最近の韓国ドラマは変わった題材を取り上げることが多いが、その中でも特に『ヴィンチェンツォ』(tvN)は異質なドラマだった。特異なキャラクターを演じたソン・ジュンギも、本当に印象的な役をうまくこなしていた。
新たに役者魂
かつてのソン・ジュンギは甘い容姿を生かした柔らかいイメージの役をよく演じていた。しかし、最近はまるで違う。「多様性こそ俳優の持ち味」とばかりに、アクの強いキャラクターにも積極的に取り組んでいる。
『ヴィンチェンツォ』もソン・ジュンギの個性が十分に生きている。
物語の主人公となるヴィンチェンツォは、もともとイタリアのマフィアの出身だ。この設定が、今までの韓国ドラマでは絶対に見られない奇抜さに満ちていた。
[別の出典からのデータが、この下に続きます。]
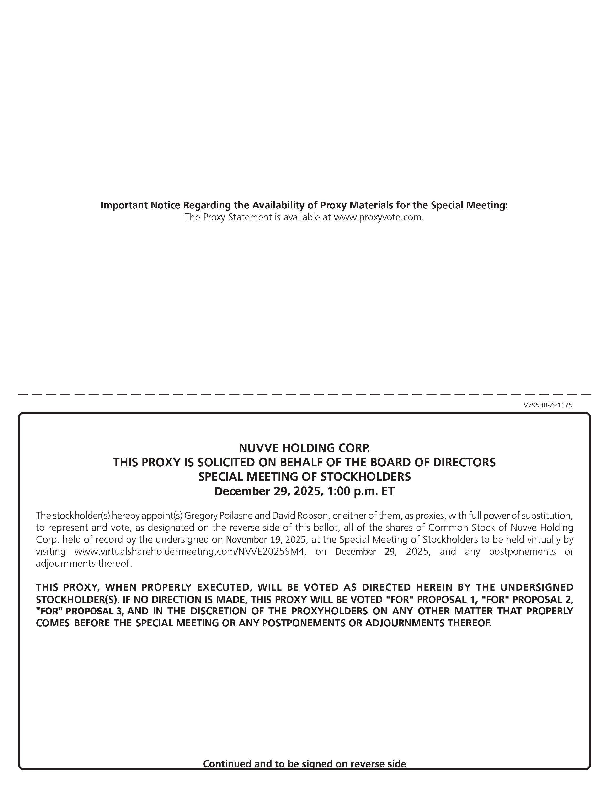 Important Notice Regarding the Availability of Proxy Materials for the Special Meeting: The Proxy Statement is available at www.proxyvote.com. V79538-Z91175 NUVVE HOLDING CORP. THIS PROXY IS SOLICITED ON BEHALF OF THE BOARD OF DIRECTORS SPECIAL MEETING OF STOCKHOLDERS December 29, 2025, 1:00 p.m. ET The stockholder(s) hereby appoint(s) Gregory Poilasne and David Robson, or either of them, as proxies, with full power of substitution, to represent and vote, as designated on the reverse side of this ballot, all of the shares of Common Stock of Nuvve Holding Corp. held of record by the undersigned on November 19, 2025, at the Special Meeting of Stockholders to be held virtually by visiting www.virtualshareholdermeeting.com/NVVE2025SM4, on December 29, 2025, and any postponements or adjournments thereof. THIS PROXY, WHEN PROPERLY EXECUTED, WILL BE VOTED AS DIRECTED HEREIN BY THE UNDERSIGNED STOCKHOLDER(S). IF NO DIRECTION IS MADE, THIS PROXY WILL BE VOTED "FOR" PROPOSAL 1, "FOR" PROPOSAL 2, "FOR" PROPOSAL 3, AND IN THE DISCRETION OF THE PROXYHOLDERS ON ANY OTHER MATTER THAT PROPERLY COMES BEFORE THE SPECIAL MEETING OR ANY POSTPONEMENTS OR ADJOURNMENTS THEREOF. Continued and to be signed on reverse side
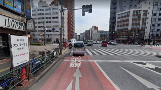 東新宿駅からこちらの横断歩道を渡るともうすぐだ。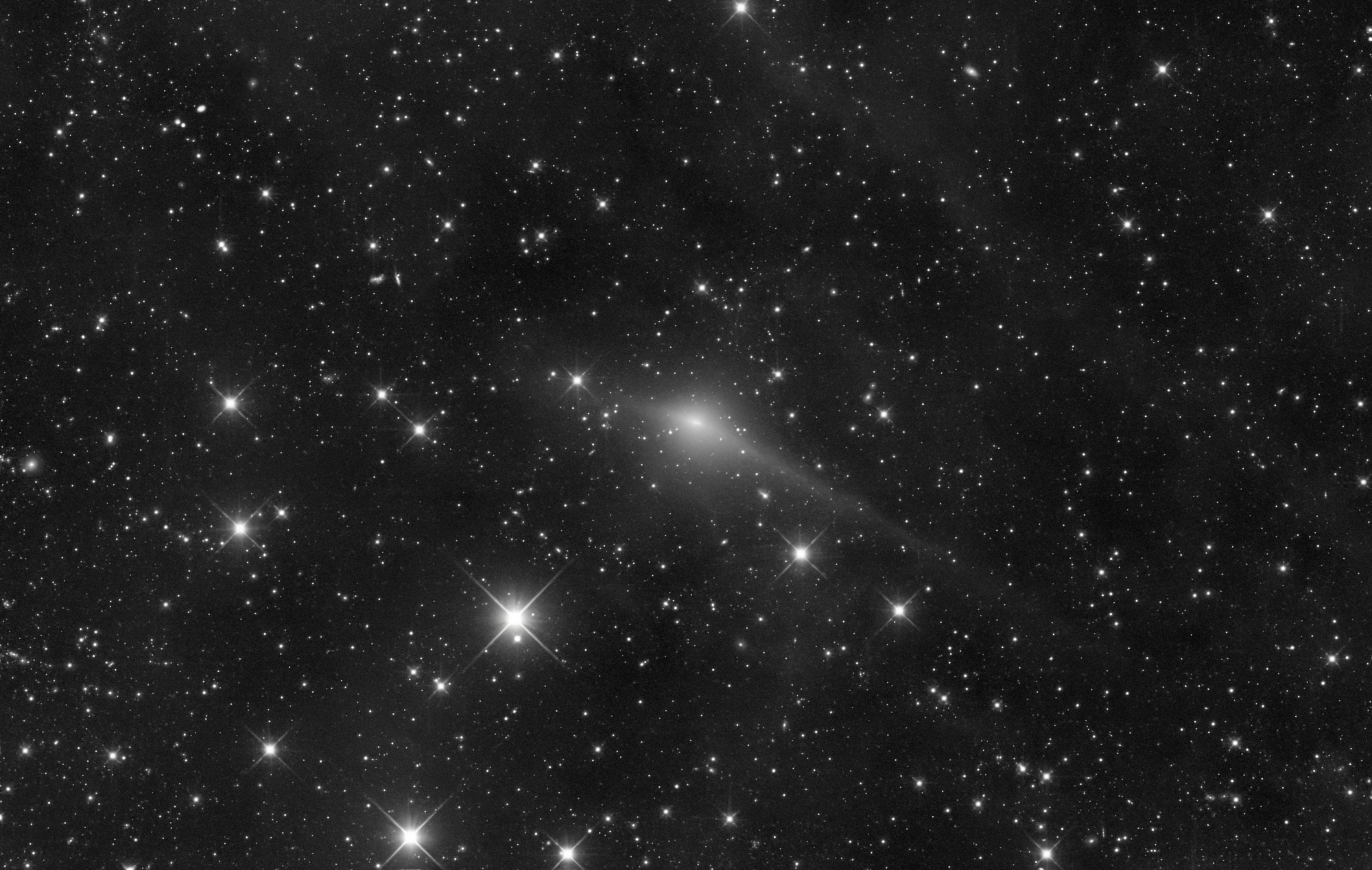 C/2025 R2 SWAN 2025-12-10 19.46 UT 12x70sec 14"/4.2 QHY 600 M. Jäger, G. Rhemann Center (RA, Dec): (6.583, 9.453) Center (RA, hms): 00h 26m 19.867s Center (Dec, dms): +09° 27' 10.713" Size: 61.8 x 39.2 arcmin Radius: 0.610 deg Pixel scale: 1.85 arcsec/pixel "Orientation", may be incorrect, use at your own risk: Up is 2.2 degrees E of N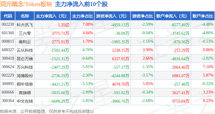从资金流向上来看,当日词元概念/Token板块主力资金净流出19.11亿元,游资资金净流入4.66亿元,散户资金净流入14.44亿元。词元概念/Token板块个股资金流向见下表:
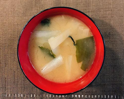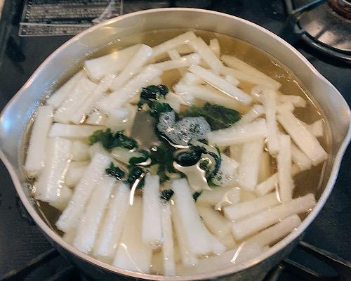 出汁に大根とカットわかめを入れて、中火で5分程度煮る。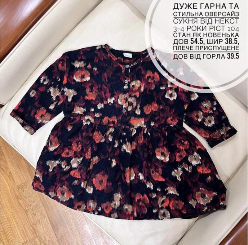 Дуже гарна та стильна оверсайз сукня від некст 3-4 роки ріст 104 стан як новенька дов 54.5...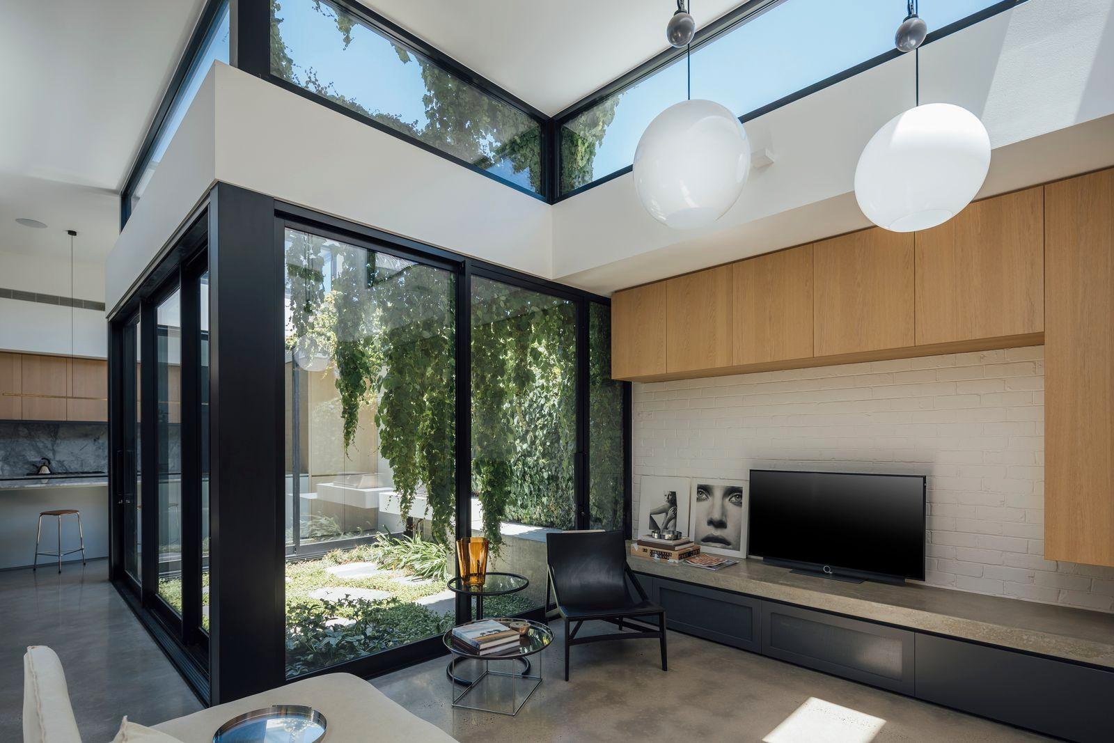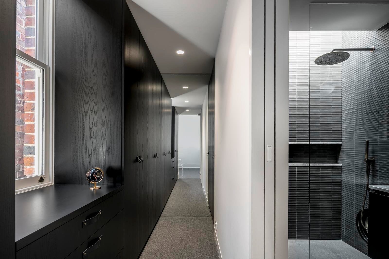 Behind a lush garden and Hawthorn brick façade, original features including 13ft ceilings, Baltic pine floors and open fireplaces are paired with polished concrete, exposed brickwork, clerestory glazing and premium finishes. Rather than a traditional rear extension, living spaces are interwoven around three private landscaped courtyards, flooding the home with natural light and creating a seamless indoor–outdoor connection.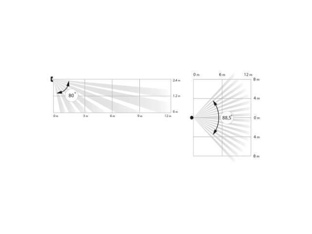 Detecção: Intervalo 12 m / H: 88.5º / V: 80º

そして、全編を貫いているテーマが「悪は悪で処断する」というものだ。
ヴィンチェンツォがマフィアの恐るべきスタイルで、悪者を徹底的にこらしめる。
とはいえ、ヴィンチェンツォは弁護士であり、ただ暴力的にふるまうわけではない。むしろ、インテリジェンスを駆使しながら巨大な権力に立ち向かっていく。
そして、痛快な報復劇というドラマ性がタップリ描かれているので、面白さが突き抜けていくのだ。
ソン・ジュンギも、完全にダークヒーローになったヴィンチェンツォに扮して、新たに役者魂の幅を広げたことは間違いない。
コロナ禍の現在は混沌とした不安な時代だ。そんな閉塞感を突き破って、ソン・ジュンギはまだ見ぬ地平線に突き進んでいる。